--- DATA FOR REVIEW Enclosed Below ---
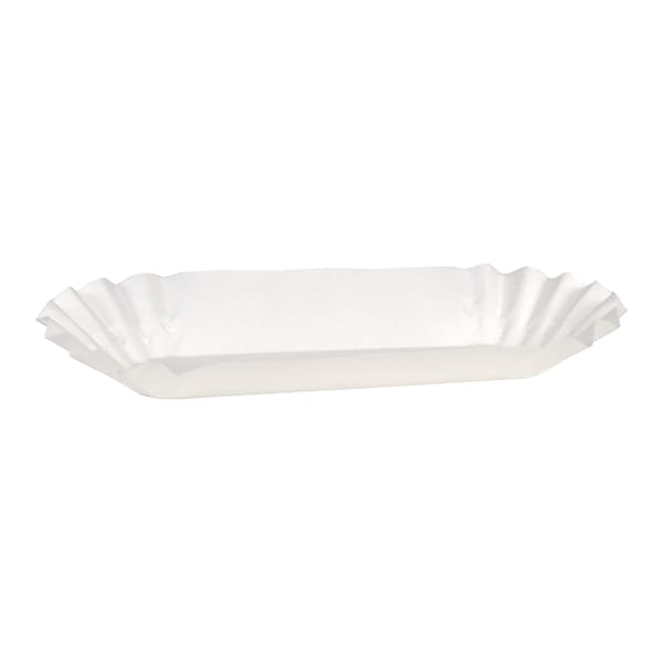 Serve delicious hot dogs and more with help from our 6" White Fluted Hot Dog Trays. These hot dog trays are made from a mediumweight paper and feature closed ends, perfect for holding a dog with all the fixings. These provide a convenient, sanitary, single-serve disposable option for serving your guests. Plus, they're Kosher Certified--a stamp of the highest quality and purity. Grab these for your restaurant, food truck, or concession stand today!
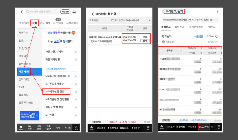 삼성증권 앱 실행 > 금융상품/자산관리 > 자문사 서비스 > 나의 MP확인/매매신청 선택
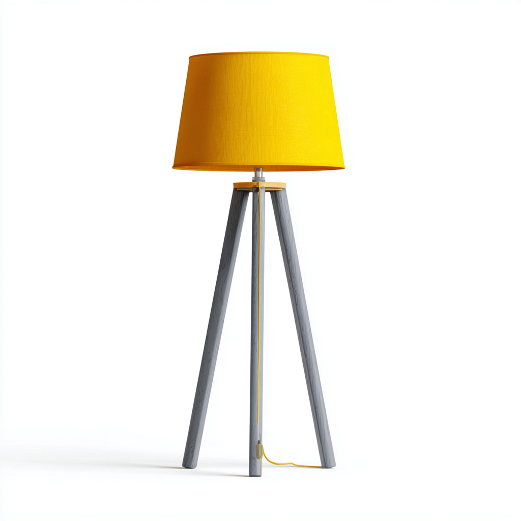 Lampadaire bois et tissu 45x45x150 cm - jaune - gris - adapté au salon - style moderne
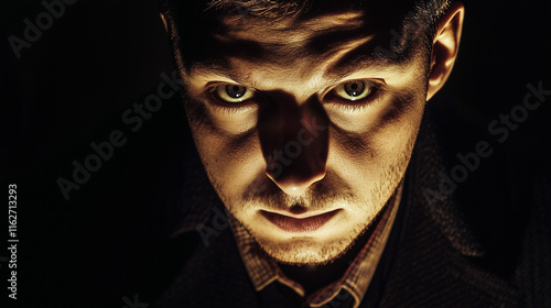Mężczyzna z hipnotyzującymi oczami, uchwycony w surowym świetle pojedynczej lampy, która podkreśla kontrast między światłem a cieniem.
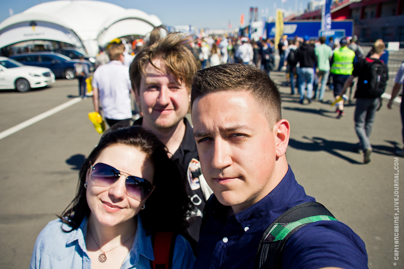 Отличное настроение было гарантировано, оставалось досмотреть квалификацию, отобедать и готовиться к гонке. Очередь за хот-догом не слишком радовала, но зато в другой очереди стоять затем не пришлось. По специальным браслетам, для подписчиков группы вКонтакте была своя очередь на автограф-сессию. Там я успел сделать несколько фотографий пилотов, которых не встретил в течение дня. Освобождая место другим желающим, достаточно быстро вышел оттуда, но очередь была очень велика, даже половина желающих не прошла. Не рассчитали. После парада пилотов мы спокойно отправились к трибуне. Было ещё время умыться, выпить пива, ведь на территории нашей трибуне оказался ресторанчик, единственная возможность спрятаться от солнца и передохнуть.
--- End of Enclosed DATA FOR REVIEW ---
__ABOUT THIS EXERCISE__:
Above are the records. Copy exactly, and only, the lines from the line containing "삼성증권 앱 실행 >" through the last one, omitting any pictures.

__RESPONSE TO THE TASK__:
 삼성증권 앱 실행 > 금융상품/자산관리 > 자문사 서비스 > 나의 MP확인/매매신청 선택
 Lampadaire bois et tissu 45x45x150 cm - jaune - gris - adapté au salon - style moderne
Mężczyzna z hipnotyzującymi oczami, uchwycony w surowym świetle pojedynczej lampy, która podkreśla kontrast między światłem a cieniem.
 Отличное настроение было гарантировано, оставалось досмотреть квалификацию, отобедать и готовиться к гонке. Очередь за хот-догом не слишком радовала, но зато в другой очереди стоять затем не пришлось. По специальным браслетам, для подписчиков группы вКонтакте была своя очередь на автограф-сессию. Там я успел сделать несколько фотографий пилотов, которых не встретил в течение дня. Освобождая место другим желающим, достаточно быстро вышел оттуда, но очередь была очень велика, даже половина желающих не прошла. Не рассчитали. После парада пилотов мы спокойно отправились к трибуне. Было ещё время умыться, выпить пива, ведь на территории нашей трибуне оказался ресторанчик, единственная возможность спрятаться от солнца и передохнуть.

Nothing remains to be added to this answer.